Working from the start of the listing, please write out exactly the lines through the one that holds "图2 蜥蜴系统演化树指示犬齿蜥属于北臼齿蜥超科(Wang et al. 2025)", both included, and omit all pictures.
+---+
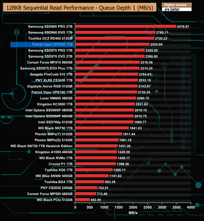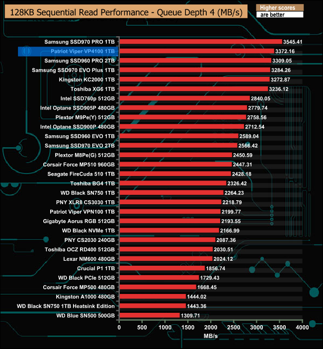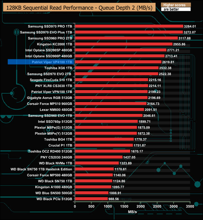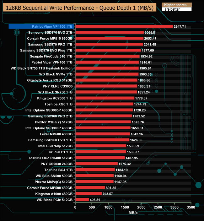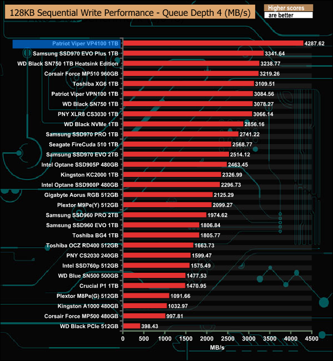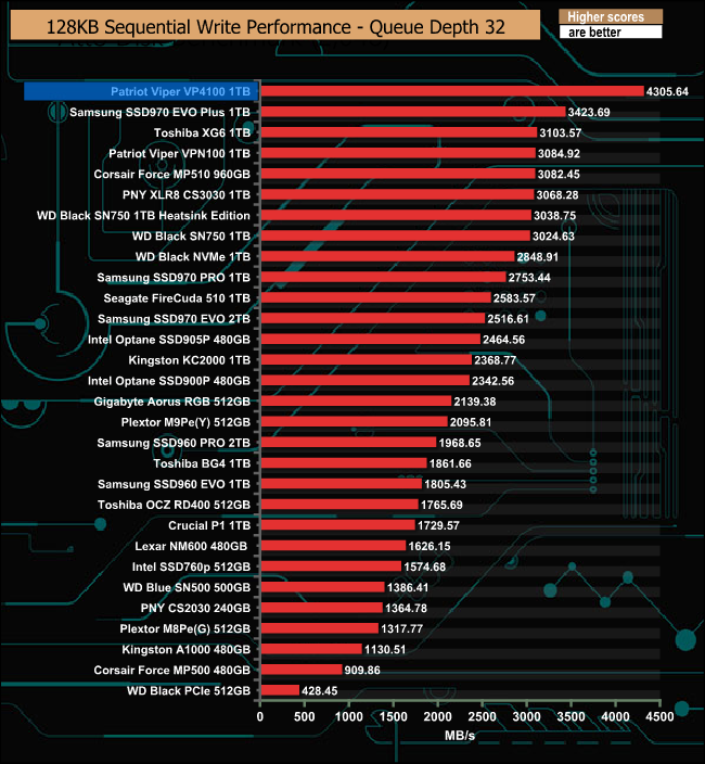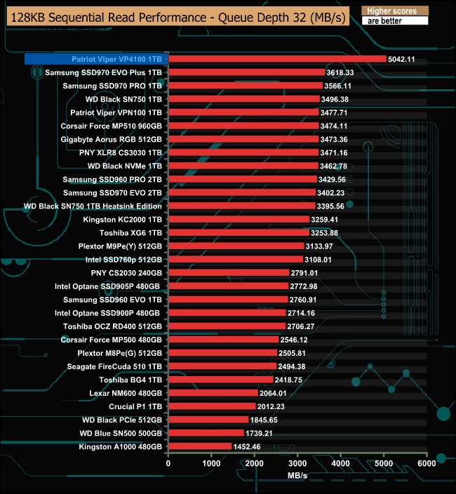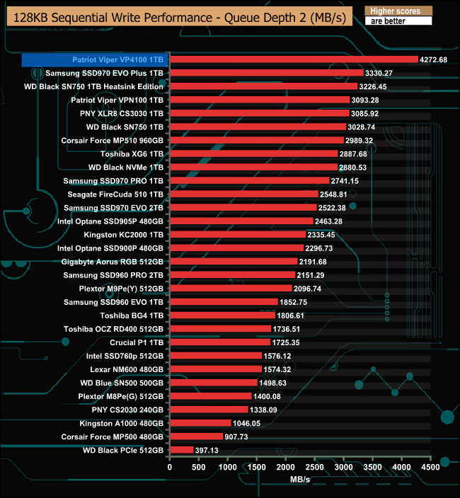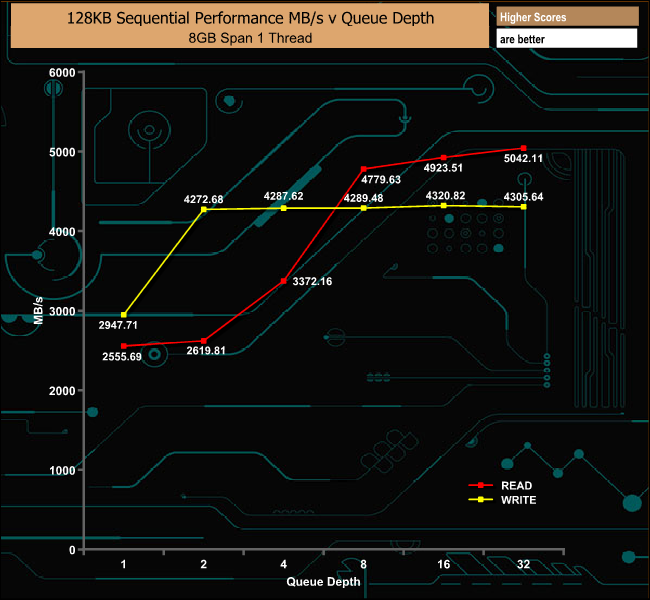 The drive's Sequential read performance improves as the depth deepens, until finally at a QD of 32, the drive tops the 5,000MB/s mark at 5,042MB/s, the fastest read speed for a consumer M.2 drive we've seen to date.
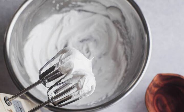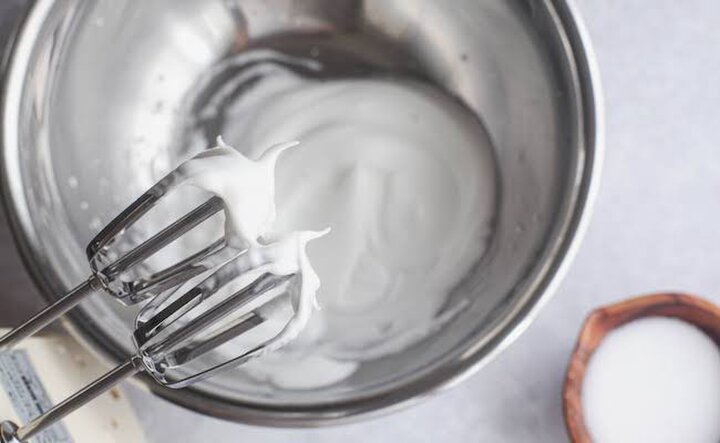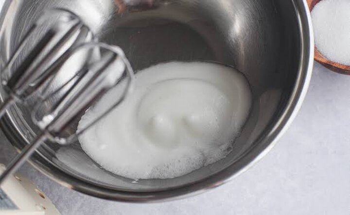 1.オーブンを110℃に余熱させているあいだに、卵白だけでフワッとするまで泡立てる。
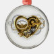 Mechanical, volumetric, steampunk heart with pressure gauge, steel and gold gears on white background. Steampunk style.
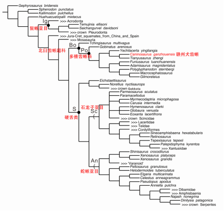 图2 蜥蜴系统演化树指示犬齿蜥属于北臼齿蜥超科(Wang et al. 2025)
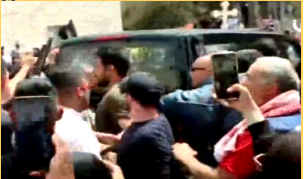 • 1:26 p.m.: The church’s hearse approaches the hospital to take Abu Akleh’s coffin, but the Palestinian mob, stops the car, bangs on its windows, and forces the hearse to leave without the coffin.
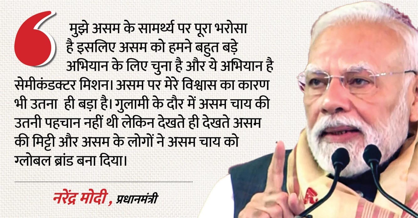 उन्होंने कहा कि गुलामी के दौर में असम की उतनी पहचान नहीं थी। अब असम की मिट्टी और लोगों ने असम को ग्लोबल ब्रांड बना दिया है। भारत को आत्मनिर्भर होने के लिए ऊर्जा और सेमीकंडक्टर चाहिए। असम की इसमें बड़ी भूमिका है। आज हर इलेक्ट्रॉनिक चीज की आत्मा छोटी चिप में होती है। यह चिप भारत में ही बनेगी। सेमी कंडक्टर का बड़ा आधार असम को बनाया है। असम में 27 हजार करोड़ से प्रोजेक्ट बन रहा है। कांग्रेस ने असम में कई दशकों तक सरकार चलाई है। कांग्रेस ने असम को कुछ नहीं दिया है I
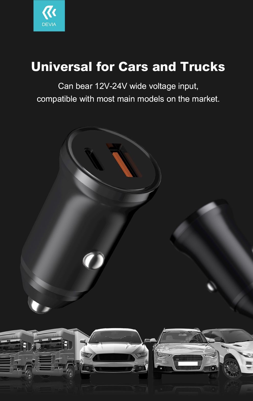 ✨Sạc trên xe hơi Devia Mini hỗ trợ sạc nhanh PD + QC (20W)- Hàng chính hãng
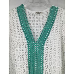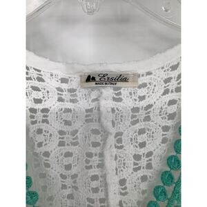 Ersilia Womens White Green Crochet Swim Cover Up Beach Boho Chic Italy H23-8
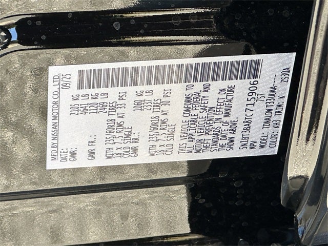 4-Wheel Disc Brakes, 6 Speakers, ABS brakes, Air Conditioning, Alloy wheels, AM/FM radio: Sirius, Apple CarPlay/Android Auto, Auto High-beam Headlights, Automatic temperature control, Black Splash Guards (Set of 4) (B92), Brake assist, Bumpers: body-color, Chrome Rear Bumper Protector, Cold Weather Package, Delay-off headlights, Driver door bin, Driver vanity mirror, Dual front impact airbags, Dual front side impact airbags, Electronic Stability Control, Emergency communication system: NissanConnect Services, First Aid Kit, Floor Mats w/1-Piece Cargo Area Protector, Four wheel independent suspension, Front anti-roll bar, Front Bucket Seats, Front Center Armrest, Front dual zone A/C, Front reading lights, Fully automatic headlights, Heated door mirrors, Heated Steering Wheel, Illuminated entry, Knee airbag, Leatherette Door Trim Inserts w/Stitch, Low tire pressure warning, Occupant sensing airbag, Outside temperature display, Overhead airbag, Overhead console, Panic alarm, Panoramic Moonroof, Passenger door bin, Passenger vanity mirror, Power door mirrors, Power driver seat, Power Liftgate, Power steering, Power windows, Prima-Tex Leatherette Seat Trim, Radio data system, Radio: AM/FM NissanConnect, Rear anti-roll bar, Rear Door Sunshades, Rear Personal Lights, Rear seat center armrest, Rear side impact airbag, Rear window defroster, Rear window wiper, Remote keyless entry, Silver Painted Roof Rails, Speed control, Speed-sensing steering, Speed-Sensitive Wipers, Split folding rear seat, Spoiler, Steering wheel mounted audio controls, SV Premium Package, Tachometer, Telescoping steering wheel, Tilt steering wheel, Traction control, Trip computer, Variably intermittent wipers. Cold Weather Package (Heated Steering Wheel), SV Premium Package (Leatherette Door Trim Inserts w/Stitch, Panoramic Moonroof, Prima-Tex Leatherette Seat Trim, Rear Door Sunshades, Rear Personal Lights, and Silver Painted Roof Rails), 4-Wheel Disc Brakes, 6 Speakers, ABS brakes, Air Conditioning, Alloy wheels, AM/FM radio: Sirius, Apple CarPlay/Android Auto, Auto High-beam Headlights, Automatic temperature control, Black Splash Guards (Set of 4) (B92), Brake assist, Bumpers: body-color, Chrome Rear Bumper Protector, Delay-off headlights, Driver door bin, Driver vanity mirror, Dual front impact airbags, Dual front side impact airbags, Electronic Stability Control, Emergency communication system: NissanConnect Services, First Aid Kit, Floor Mats w/1-Piece Cargo Area Protector, Four wheel independent suspension, Front anti-roll bar, Front Bucket Seats, Front Center Armrest, Front dual zone A/C, Front reading lights, Fully automatic headlights, Heated door mirrors, Illuminated entry, Knee airbag, Low tire pressure warning, Occupant sensing airbag, Outside temperature display, Overhead airbag, Overhead console, Panic alarm, Passenger door bin, Passenger vanity mirror, Power door mirrors, Power driver seat, Power Liftgate, Power steering, Power windows, Radio data system, Radio: AM/FM NissanConnect, Rear anti-roll bar, Rear seat center armrest, Rear side impact airbag, Rear window defroster, Rear window wiper, Remote keyless entry, Speed control, Speed-sensing steering, Speed-Sensitive Wipers, Split folding rear seat, Spoiler, Steering wheel mounted audio controls, Tachometer, Telescoping steering wheel, Tilt steering wheel, Traction control, Trip computer, and Variably intermittent wipers.
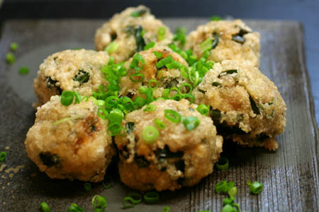 団子状に丸めて片栗粉を周りにつけて低温の油で揚げます。
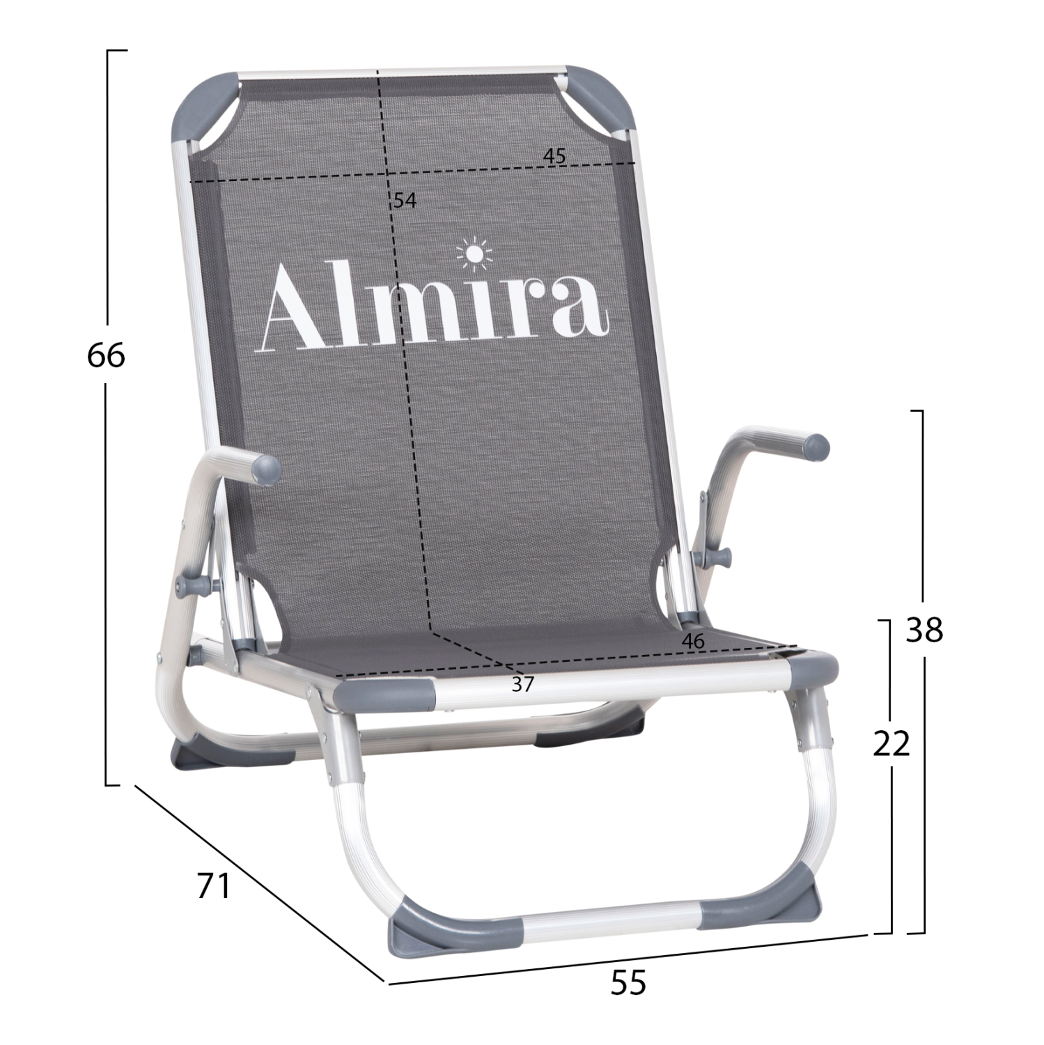 Αναβαθμίστε την καλοκαιρινή εμπειρία με το πτυσσόμενο κάθισμα παραλίας Almira. Σχεδιασμένο για όσους αναζητούν τον απόλυτο συνδυασμό άνεσης, σταθερότητας και premium αισθητικής, το συγκεκριμένο κάθισμα υπερέχει χάρη στον ενισχυμένο σκελετό βαρέως τύπου και τον εργονομικό του σχεδιασμό με ψηλή πλάτη ενώ το κάθισμά του είναι χαμηλό.
+---+
**Answer for the task:**
 The drive's Sequential read performance improves as the depth deepens, until finally at a QD of 32, the drive tops the 5,000MB/s mark at 5,042MB/s, the fastest read speed for a consumer M.2 drive we've seen to date.
 1.オーブンを110℃に余熱させているあいだに、卵白だけでフワッとするまで泡立てる。
 Mechanical, volumetric, steampunk heart with pressure gauge, steel and gold gears on white background. Steampunk style.
 图2 蜥蜴系统演化树指示犬齿蜥属于北臼齿蜥超科(Wang et al. 2025)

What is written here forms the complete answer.